I got the car started, shifted gears, and shot out from under the porte cochère. Rain once more pounded the roof with brutal force, but the heavy fall and general darkness would obscure the vehicle from Agnes, hopefully throwing off her aim. I didn’t stop to look.

When I judged the distance to be far enough, I cut the motor, vanished, and bee-lined my invisible way back to the house. Wind buffeted me, and the rain was a startling unpleasantness. I usually get that kind of quivering discomfort when sieving through solid walls. When it stopped, I made the reasonable assumption I was under shelter.

With great caution, I took on just enough solidity to get my bearings. Clive’s flashy coupe was in front of me. I let myself float up into a dim corner to watch.

In the few moments since Riordan and I escaped, Agnes had been busy.

Wearing hat and gloves, she emerged from the back door, the leather case with the money in one hand, a travel suitcase in the other. She tossed them into the passenger side of Clive’s coupe and hopped in herself. She was laughing, a free and easy sound of pure delight and triumph.

I half expected a fateful bolt of lightning to strike just then, but nothing happened. The storm seemed to be letting up. Agnes revved the motor, shifted gears, and roared off into the rain.

Escott had past experience at being locked in car trunks, so he was more sanguine about it than our client. That, or maybe he’d enjoyed being stuffed into a small space with a healthy young woman on top of him. I’d kept a straight face when I’d let them out, though they were rather badly rumpled.

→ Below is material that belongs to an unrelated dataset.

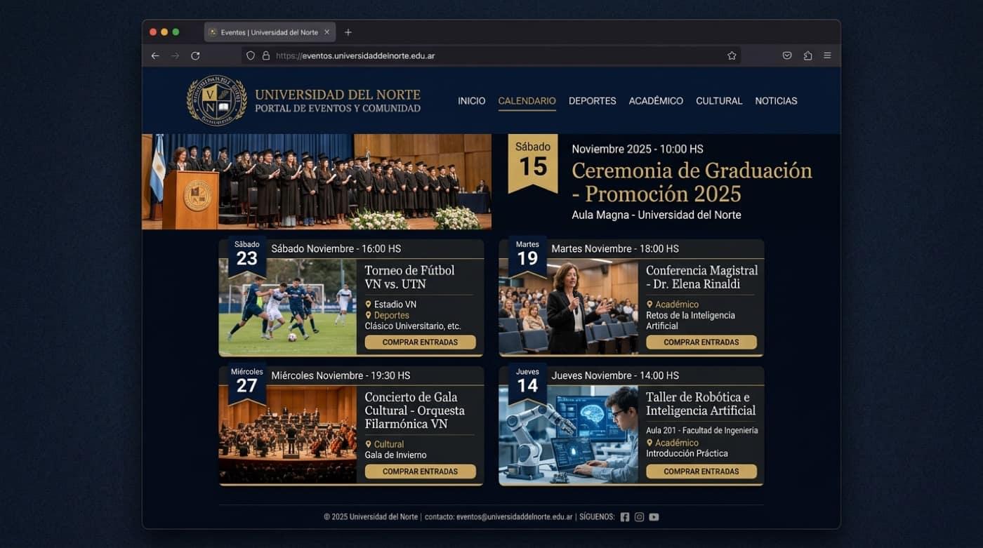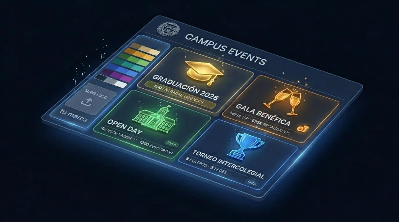 Graduations, galas, open days, and sports in one system with campus branding.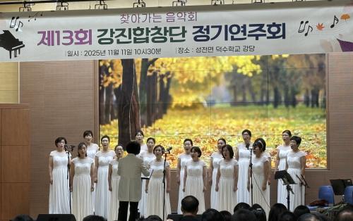 [½Åµ¿¾Æ¹æ¼Û °­Áø=¹Ú±¤¿Á±âÀÚ] °­ÁøÇÕâ´Ü(´ÜÀå ±è°æ¼÷)ÀÌ Áö³­ 11ÀÏ ¿ÀÀü °­Áø±º ´ö¼öÇб³ °­´ç¿¡¼­ ¡®Á¦13ȸ °­ÁøÇÕâ´Ü Á¤±â¿¬ÁÖȸ¡¯¸¦ °³ÃÖÇß´Ù. À̹ø °ø¿¬Àº ¡®Ã£¾Æ°¡´Â À½¾Çȸ¡¯¸¦ ÁÖÁ¦·Î ±º¹Î°ú ÇÔ²²ÇÏ´Â ¹®È­ ¼ÒÅëÀÇ ÀåÀ¸·Î ¸¶·ÃµÆ´Ù °ø¿¬Àº À±ÁöÇö ±³Åë¹æ¼Û¡¦

Mabel was livid and ready to strangle Riordan, but I explained he was long gone. I had a lot of explaining to do, but first had her give me the location of the fuse box so I could get the lights working. She was none too pleased at the state of the dining room, appalled and aghast at the sight of Clive and Taylor literally asleep on their feet, and furious with me on general principles. She visibly fumed as I eased each man flat on the floor. They were breathing okay, hearts pumping steadily, so they didn’t seem to be in any immediate danger.

“Some kind of curare?” Escott ventured, studying them with his own brand of cold-blooded curiosity. “If so, they might well be aware of everything we’re saying.”

I shrugged. “Just don’t touch the sherry. It might be a good idea to empty all the open bottles into the drain. Agnes could have left a booby trap behind.”

Mabel was ready to explode. “
What
happened?”

I sat down because I was damned tired. Before dawn, rain or no, I’d have to stop at the Stockyards and have a long drink. With the promise of fresh beef blood in my near future, I told them everything that happened, including Riordan’s badly timed interruption and the fight, leaving out the part about my injuries. I’d tell Escott later. He’d need to know just how violent his acquaintance had gotten.

“You let her go?” Mabel’s throaty voice rose. I held up a hand.

“She didn’t get away with anything.”

“Only with Hecate’s Eye and all that money. She’ll never come back.”

I took the pendant—the real one—from my pocket and held it out to her.

Mabel gaped, then reached for it, fingers shaking. “You switched them!”

“Said I would. It took long enough, what with Agnes fighting me every inch of the way.”

“You mustn’t touch it. My God, put it down before something horrible happens.”

I put it into her hand and told her how I’d played pickpocket during the tussle. Agnes must have thought I was some kind of masher since I’d had to keep my hands moving. No wonder she’d shot at me.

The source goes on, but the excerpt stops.